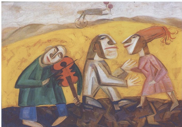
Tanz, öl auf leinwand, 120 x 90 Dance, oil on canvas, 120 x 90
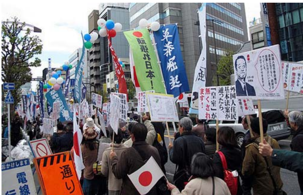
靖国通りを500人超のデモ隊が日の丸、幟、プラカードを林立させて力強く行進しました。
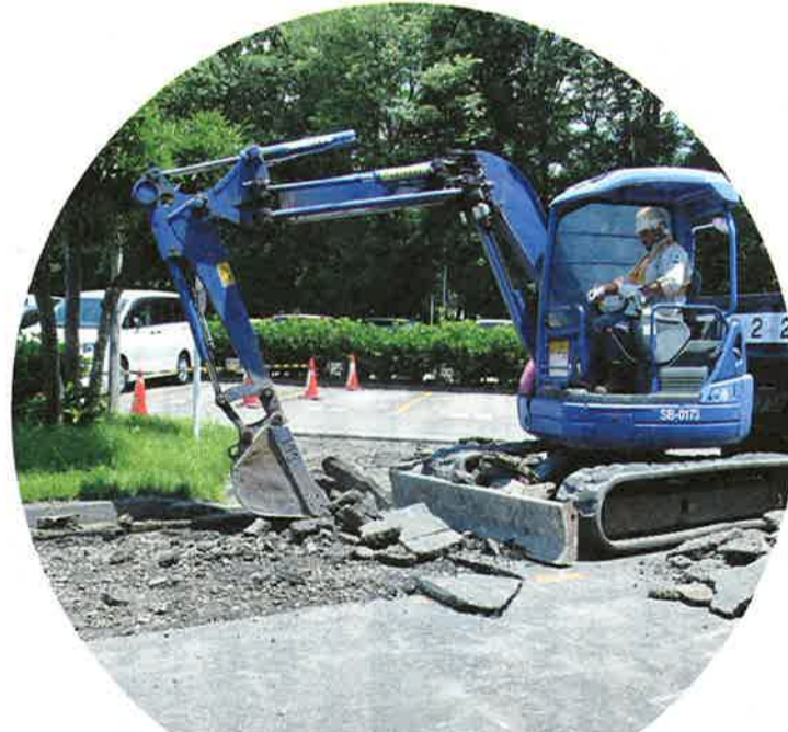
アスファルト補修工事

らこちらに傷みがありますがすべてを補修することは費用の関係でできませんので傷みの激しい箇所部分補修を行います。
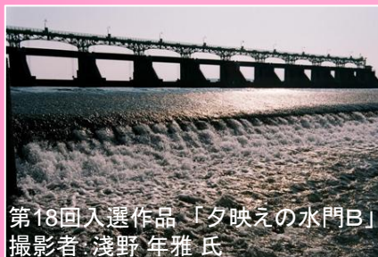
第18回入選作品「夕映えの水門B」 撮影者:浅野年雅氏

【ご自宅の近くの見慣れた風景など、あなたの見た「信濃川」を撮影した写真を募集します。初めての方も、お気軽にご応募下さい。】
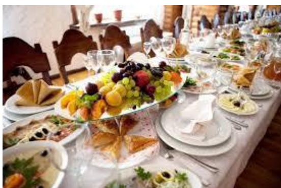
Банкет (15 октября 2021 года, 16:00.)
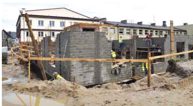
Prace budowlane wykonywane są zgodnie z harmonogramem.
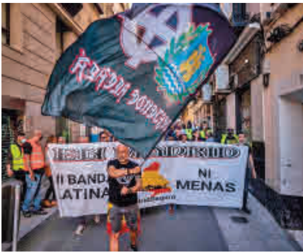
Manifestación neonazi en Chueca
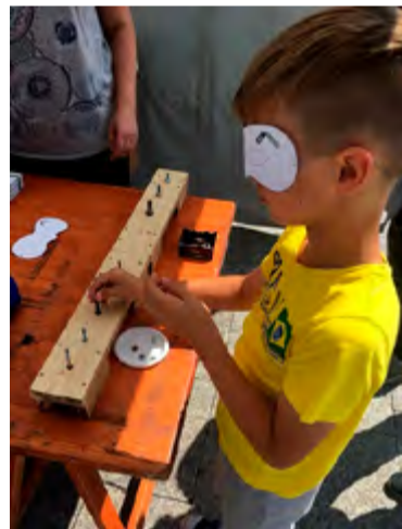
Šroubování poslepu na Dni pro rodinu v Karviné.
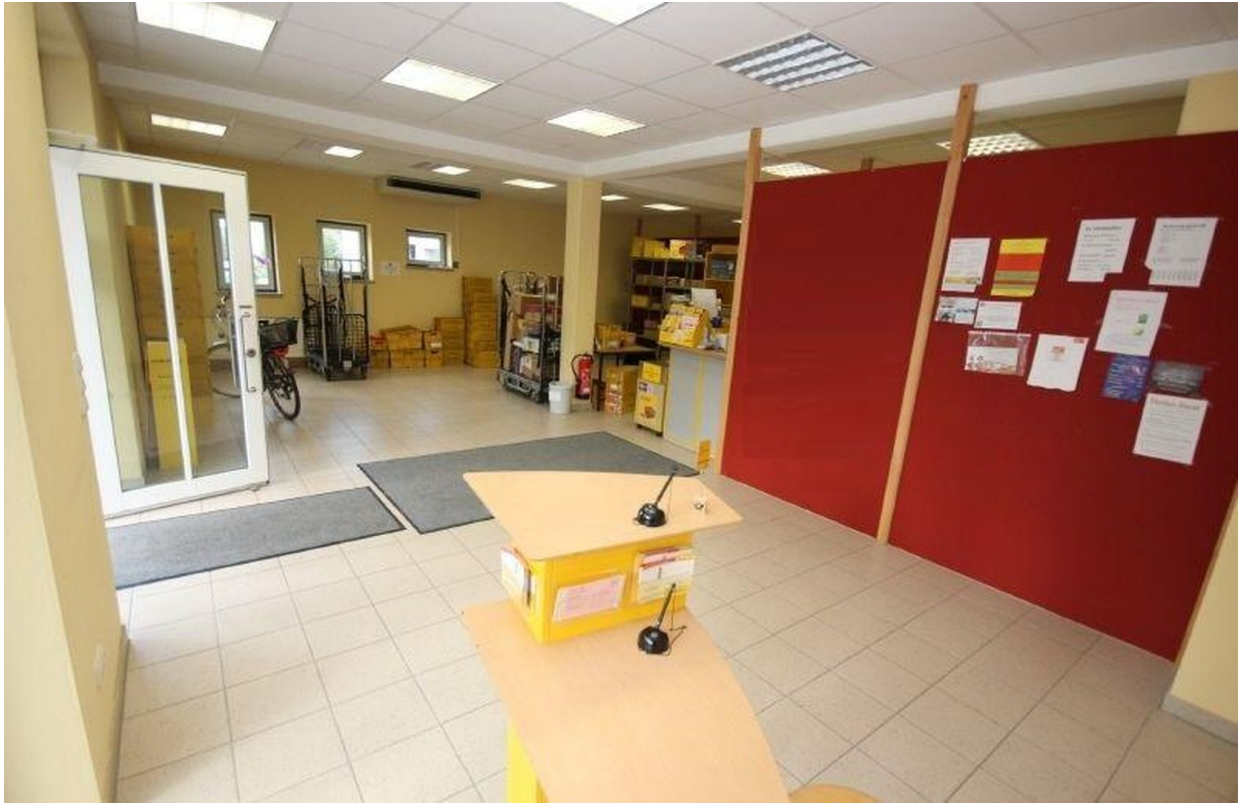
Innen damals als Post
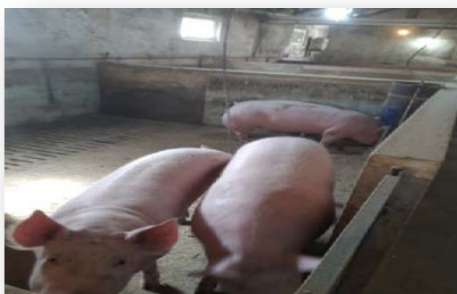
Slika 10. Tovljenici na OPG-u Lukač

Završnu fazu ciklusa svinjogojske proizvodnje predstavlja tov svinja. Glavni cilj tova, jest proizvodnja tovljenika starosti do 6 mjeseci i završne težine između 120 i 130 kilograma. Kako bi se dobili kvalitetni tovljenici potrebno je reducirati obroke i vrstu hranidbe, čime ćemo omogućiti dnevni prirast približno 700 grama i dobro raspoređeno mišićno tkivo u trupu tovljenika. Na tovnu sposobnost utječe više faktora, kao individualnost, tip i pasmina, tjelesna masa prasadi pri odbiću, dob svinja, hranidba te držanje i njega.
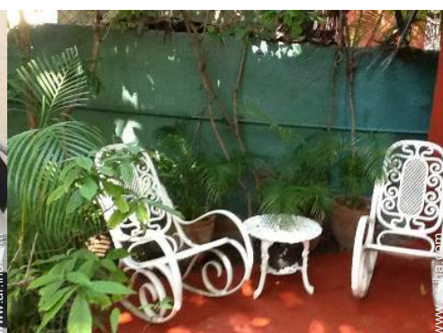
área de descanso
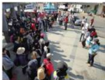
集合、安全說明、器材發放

☆ ☆ ☆ ☆

## WORK ITEM:
Please write out every record above exactly, but leave the pictures out.

## EXERCISE ANSWER:
Tanz, öl auf leinwand, 120 x 90 Dance, oil on canvas, 120 x 90
靖国通りを500人超のデモ隊が日の丸、幟、プラカードを林立させて力強く行進しました。
アスファルト補修工事

らこちらに傷みがありますがすべてを補修することは費用の関係でできませんので傷みの激しい箇所部分補修を行います。
第18回入選作品「夕映えの水門B」 撮影者:浅野年雅氏

【ご自宅の近くの見慣れた風景など、あなたの見た「信濃川」を撮影した写真を募集します。初めての方も、お気軽にご応募下さい。】
Банкет (15 октября 2021 года, 16:00.)
Prace budowlane wykonywane są zgodnie z harmonogramem.
Manifestación neonazi en Chueca
Šroubování poslepu na Dni pro rodinu v Karviné.
Innen damals als Post
Slika 10. Tovljenici na OPG-u Lukač

Završnu fazu ciklusa svinjogojske proizvodnje predstavlja tov svinja. Glavni cilj tova, jest proizvodnja tovljenika starosti do 6 mjeseci i završne težine između 120 i 130 kilograma. Kako bi se dobili kvalitetni tovljenici potrebno je reducirati obroke i vrstu hranidbe, čime ćemo omogućiti dnevni prirast približno 700 grama i dobro raspoređeno mišićno tkivo u trupu tovljenika. Na tovnu sposobnost utječe više faktora, kao individualnost, tip i pasmina, tjelesna masa prasadi pri odbiću, dob svinja, hranidba te držanje i njega.
área de descanso
集合、安全說明、器材發放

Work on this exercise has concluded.